Draft Al Gore? Draft Al Gore!

As with so many things in life, getting there means hard and sometimes absurd work -- the price that must be paid for securing success and power.
This post was published on the now-closed HuffPost Contributor platform. Contributors control their own work and posted freely to our site. If you need to flag this entry as abusive, send us an email.

Will he or won't he? I wrote last week about David Brook's panicky assault on former Vice President Gore suggesting how fearful Republicans are of his candidacy. More and more Democrats appear to see Gore as the heavyweight (no, I mean figuratively) and want him as their presidential nominee. But Gore seems to have more and more reasons why he doesn't want to enter the race.

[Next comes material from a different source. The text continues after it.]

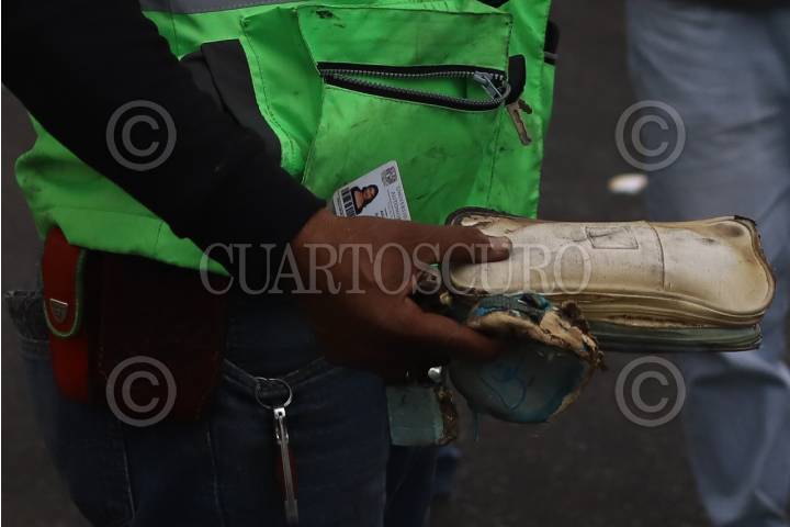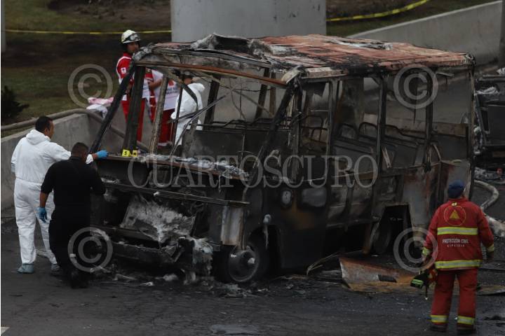 CIUDAD DE MÉXICO, 10SEPTIEMBRE2025.- Peritos de la FGJCDMX revisan uno de los vehículos que quedaron calcinados luego de la volcadura de una pipa de gas. FOTO: DANIEL AUGUSTO/ CUARTOSCURO.COM

Why not!? As Bob Herbert's New York Times interview with Gore this week shows, he doesn't seem to have a very good reason not to run. He's the superlative potential soldier who doesn't want to do basic training, the consummate pianist who doesn't like practicing, the long distance runner who won't do all that boring pre-marathon stretching.

Gore complains he lacks tolerance for the "triviality and artifice and nonsense" that it takes to run for president. And it's true, we've made running for office an endless exercise in foolishness that contradicts the very qualities we want in a sitting president. How about Wolf Blitzer asking the candidates in this week's debates to "raise their hands" like third grade children to signify whether they accept or reject HIS stark and dumbed-down version of some momentous policy choice? As if raising your hand yes or no had something to do with the kind of nuanced and mature judgment we expect from a president.

But what about it, Al? Yes, as with so many things in life, getting there means hard and sometimes absurd work -- the price that must be paid for securing success and power. You acknowledged to Bob Herbert that there is no other position "that even approaches that of president in terms of inherent ability to affect the course of events." But how then can you live with your green and good convictions and not run?

Or are you waiting for a popular draft? If so, plenty of Americans are willing drafters.

How many of us will sign this draft statement?

"RUN AL AND I WILL VOTE FOR YOU!"

For now, just send me a "comment" saying "I will sign the Gore draft pledge" with your name and let's see how much support among Huffington Post readers there is for a draft (please spare me the abusive Gore put-downs; we already know how YOU feel!)

But let's see whether we can't convince Al to go for and win a second time and for real what he already "won" once six years ago. All who agree, raise their hands!